Он внимательно осмотрелся, как будто запоминая детали сцены для создания нужной атмосферы, и Филипп тоже машинально огляделся, хотя знал тут буквально каждый дюйм.
Стены были белыми, а карниз декорирован изображением сцен охоты. На окнах висели светлые занавески с желтыми цветочками, на полу раскинулся персидский ковер. Стулья и диван были покрыты тоже цветочным ситцем, а на викторианских креслах красовались алые плюшевые сиденья. У газового камина между креслами девятнадцатого века выглядывал мягкий столик. На стене рядом с черно-белыми картинами висело круглое винтажное зеркало. Да и вообще в целом в гостиной – никакой недорогой новой мебели, только старина, передаваемая по наследству.
Конечно, никакую «Калифорнию» Александр петь не стал, а затянул куплеты из какого-то иностранного романса. В процессе он откупорил бутылку выдержанного красного вина из бара Перси, налил себе в хрустальный бокал, выпил, проникновенно обращаясь к Филиппу и фамильярно хлопнув его по плечу, исполнил с Селестой элементы танца, хоть и не вприсядку: несколько раз закрутил ее и выполнил поддержку, а потом, усадив ее на место, бросил бокал через плечо, к вящему удовольствию бабули. Несколько красных капель при этом сорвалось на его белую рубашку.
Перси смотрел на Алекса с глухим неодобрением – по уговору, он должен был танцевать с Розой, а не с Селестой.
– Это не то, – плюхнувшись обратно на стул и отдышавшись, заявила Селеста, – я даже слов не разобрала.
– Тихо ты, – сказал ей уже Филипп.
А Алекс обронил на стол пятидесятифунтовую купюру и со словами «это за вино» с достоинством удалился. Филипп залпом допил свой пунш и, объявив: «Пойду верну деньги», взял трость и вышел следом.
– Что ты здесь делал? – нагнав его уже у изгороди, спросил Фил. На самом деле у него отлегло от сердца: вечер принес не хаос, а всего лишь незапланированное шоу.
– А ты? – поинтересовался Алекс на ходу, направляясь к метро. Песенный запал прошел, и как часто бывало, теперь он ощущал опустошенность.
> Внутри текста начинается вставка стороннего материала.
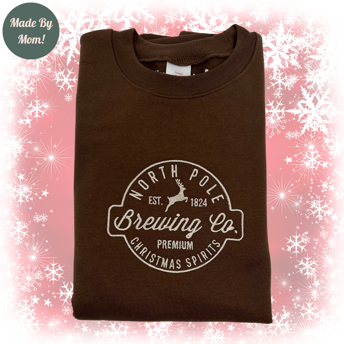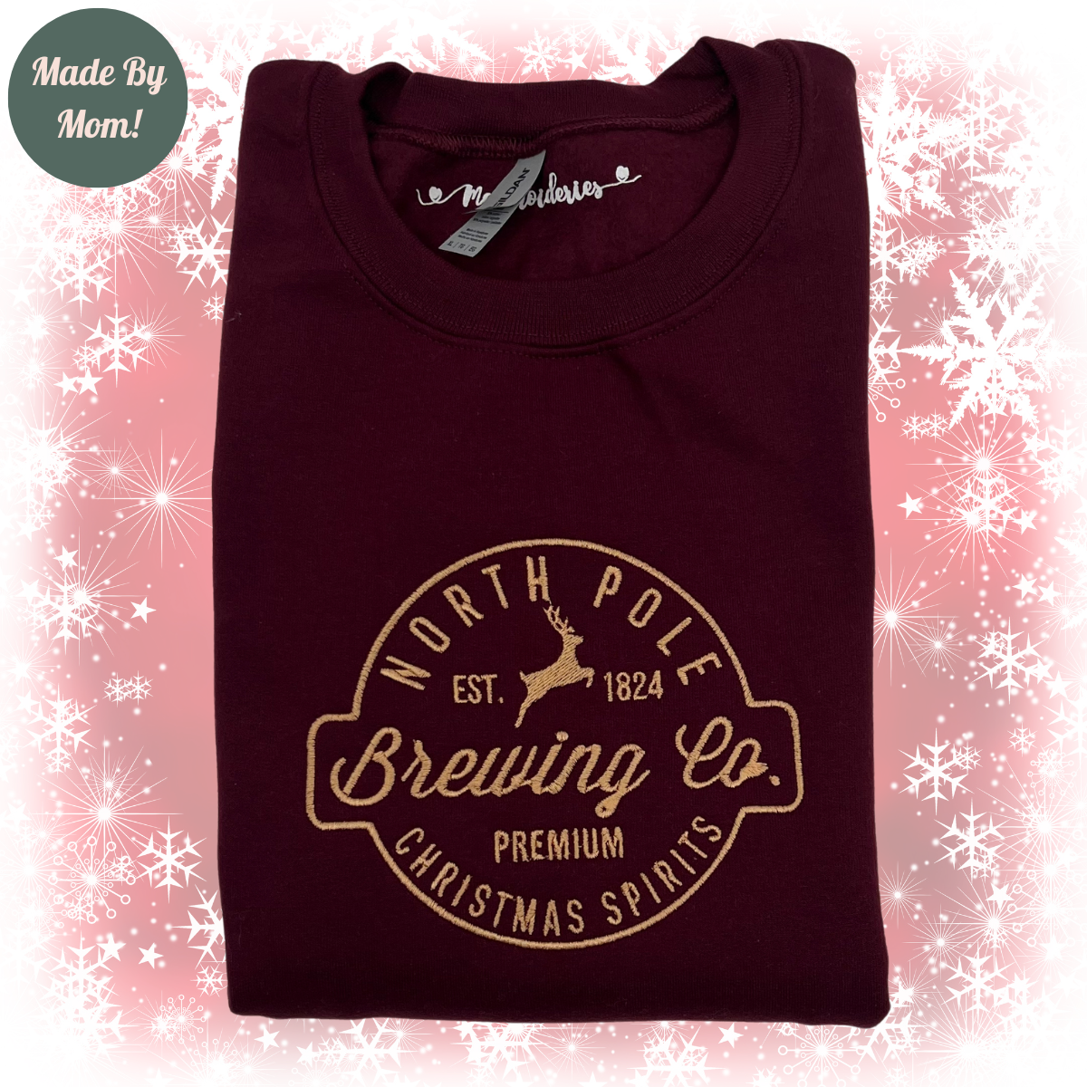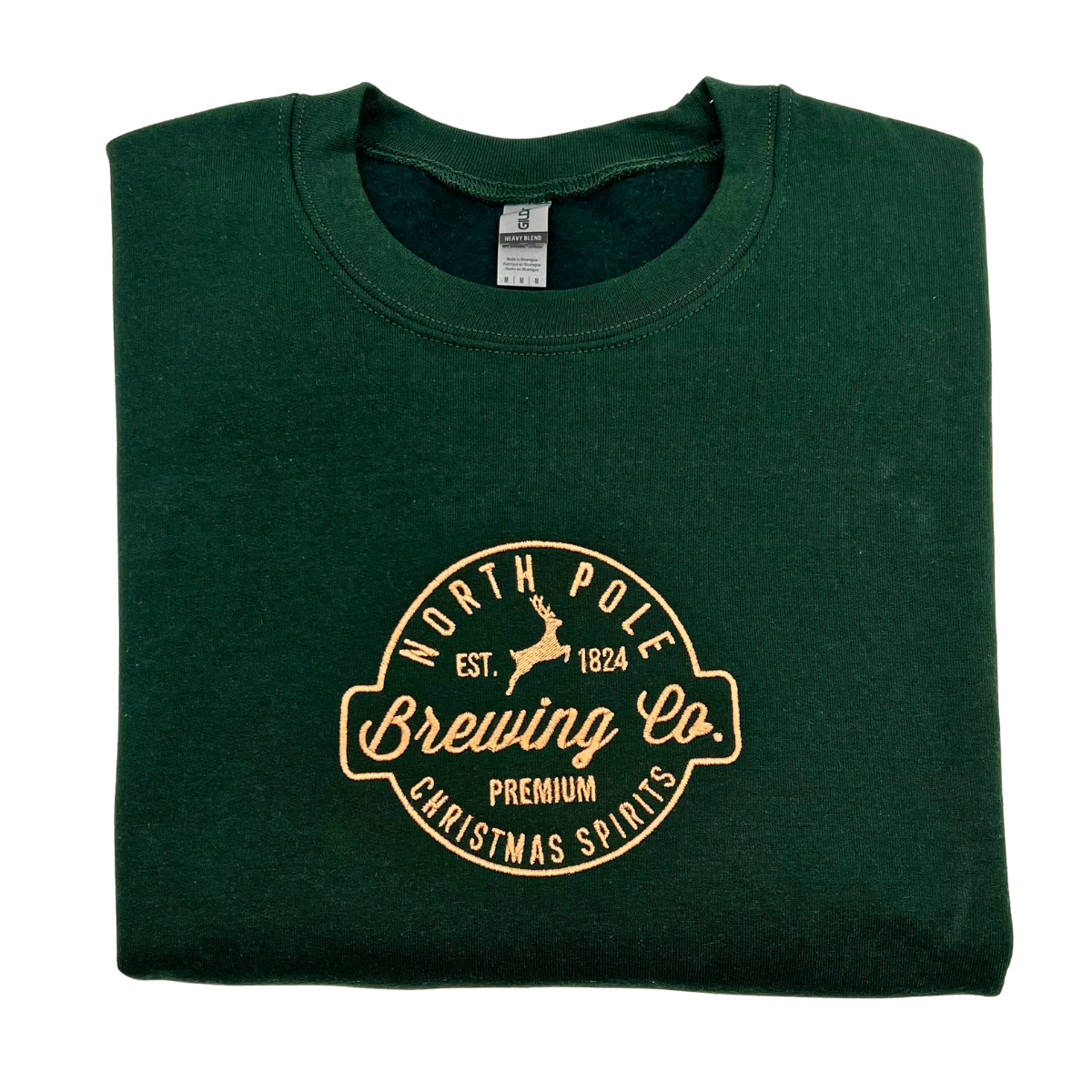 Stay cozy and festive this holiday season in the North Pole Brewing Co. Embroidered Christmas Sweatshirt. Made with a comfortable blend of cotton and polyester, this high-quality sweatshirt features intricate embroidery that's perfect for craft beer and brewery lovers alike.
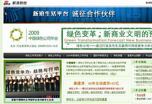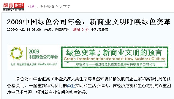 4月22日至23日,由中國企業(yè)家俱樂部、道農研究院、《綠公司》雜志主辦的“2009中國綠色公司年會”在北京召開。4月22日是第40個世界地球日,去年的這一天舉辦了第一屆中國綠色公司年會。本屆年會以“綠色變革:新商業(yè)文明的預言”為主題,在世界陷入經(jīng)濟危機和生態(tài)危機的雙重困境中,力求以一種系統(tǒng)性思維為商業(yè)世界發(fā)現(xiàn)正確的方向和動力,尋求危機的根本性解決方案和可持續(xù)發(fā)展之路。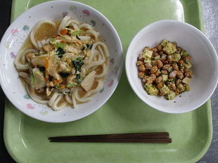 牛乳 駒ヶ根産しめじ入り卵とじうどん 青のりビーンズポテト たまねぎ・・・・...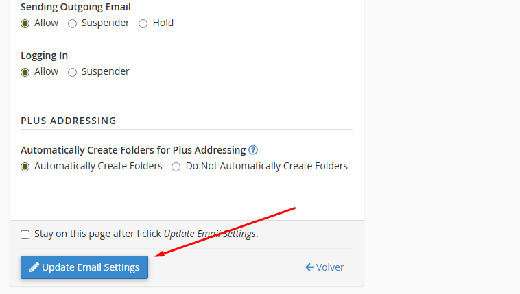 4. Como ultimo paso haga clic en "Update Email Settings".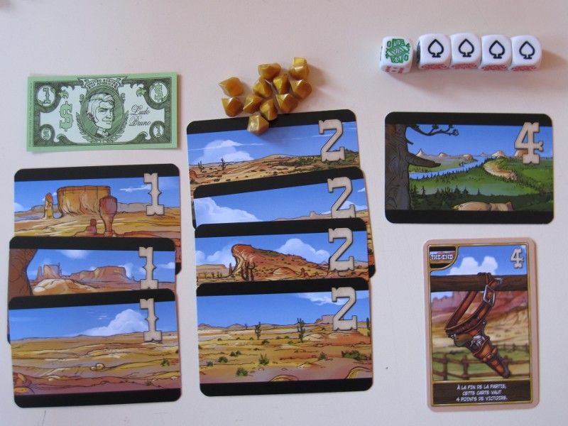 Un plateau coloré, des cartes, des dès, des billets et des pépites.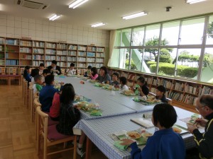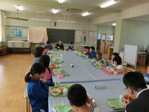 校長先生,岩城先生,和田係長さんと楽しく食べました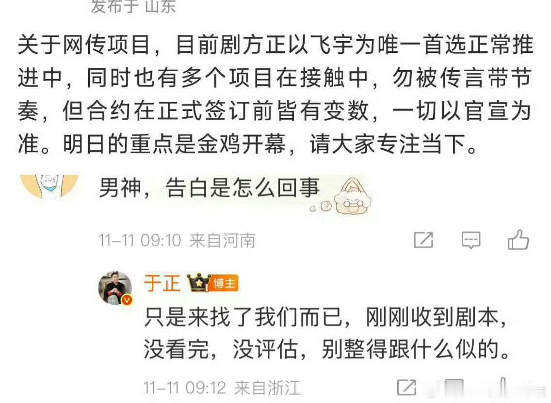 于妈又在说谎了,说刚刚收到剧本,没看完没评估。那五月份告白这个项目怎么就传的王星越了?我猜测是陈飞宇可能是临时有了别的项目,剧方去找了王星越做备选,哪知道被人马上爆料出来,剧方肯定是觉得陈飞宇最适合这个角色,所以马上出来表忠心“陈飞宇为唯一首选”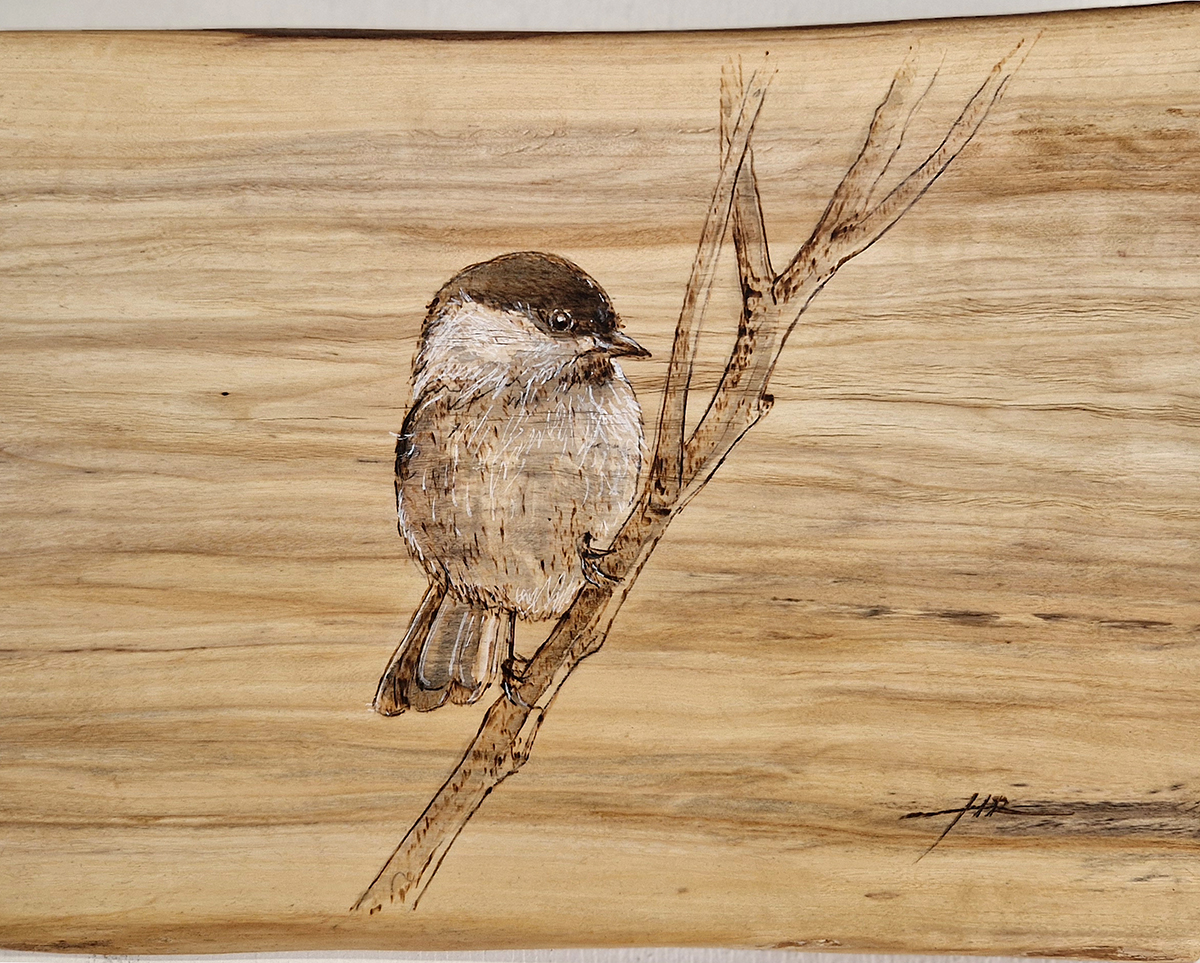 Puutaulu, jossa hömötiainen. Tekotapa: pyrografia, vesiväri, guassi, Posca. Pintakäsittely öljyvaha. Materiaali: Poppeli Kuokkalasta. Koko: 30x n.22 cm (luonnonreuna) Huom. puutauluissa käytetään laajasti erilaisia puumateriaaleja. Laudoissa voi olla oksia/lahoa/halkeamia, joita on hyödynnetty aiheen toteutuksessa. Ripustusvalmis.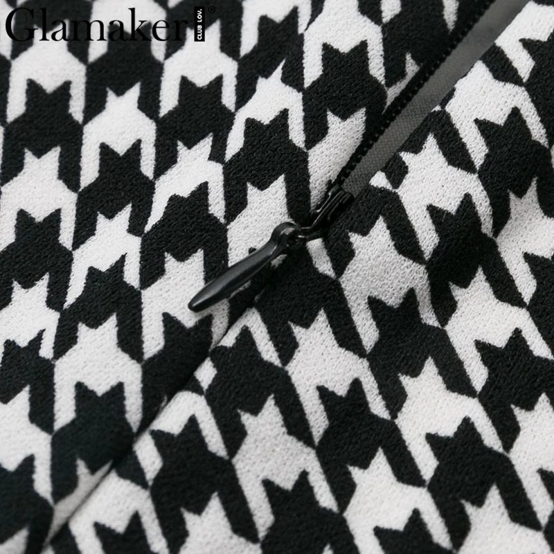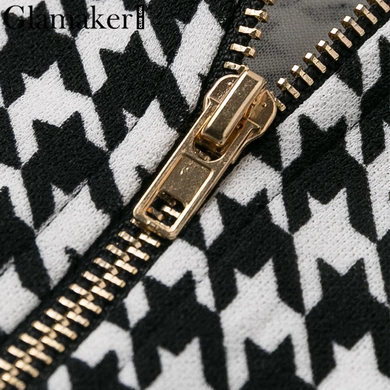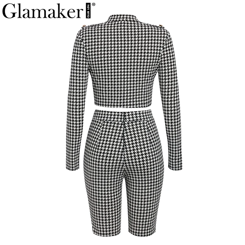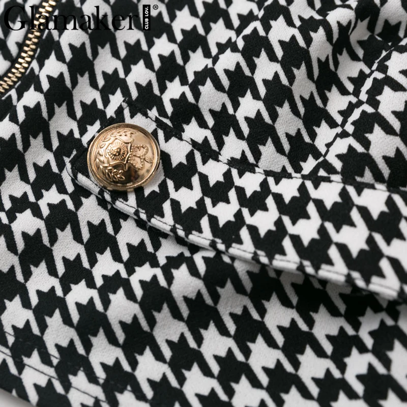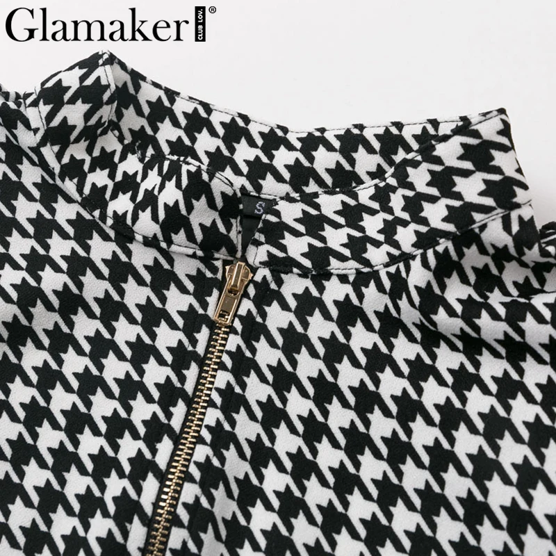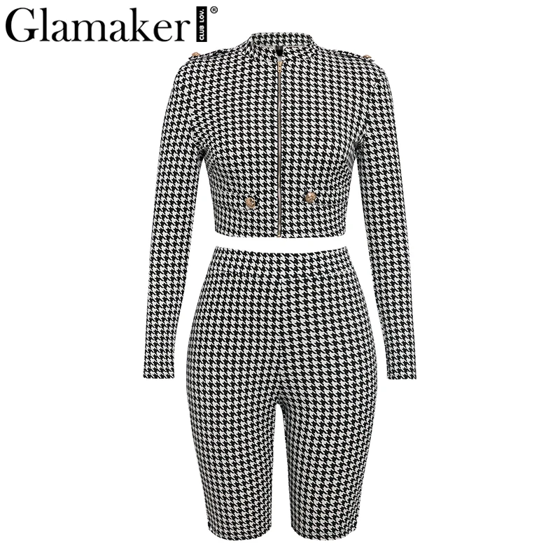 Houndstooth Zipper Elegant Romper Women Autumn Bodycon Sexy Playsuit Set L0306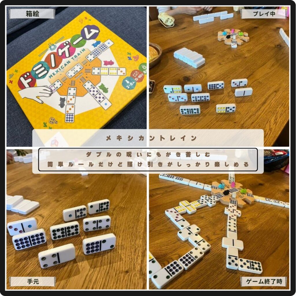 ダブルの呪いにもがき苦しむメキシカントレイン。ドミノタイルを順番に場に出して、手牌を無くしたら得点計算。手牌が出せず苦しい時に、他プレイヤーの行動で救われることもあれば、順調な時に妨害されたりもする。簡単ルールだけどきっちり駆け引きが楽しめる。

– Они мои родственники, – вынужден был признать очевидное Филипп. – Но что там было за шоу?
– Этот Персиваль нанял меня как актера, чтобы я сыграл крутого полицейского из Америки и попытался охмурить Розу. Не так чтобы сильно, а просто чтобы расстроить ее свадьбу. Персивалю она почему-то не нравится. И мне уже почти удалось найти с ней общий язык, пока ты не появился.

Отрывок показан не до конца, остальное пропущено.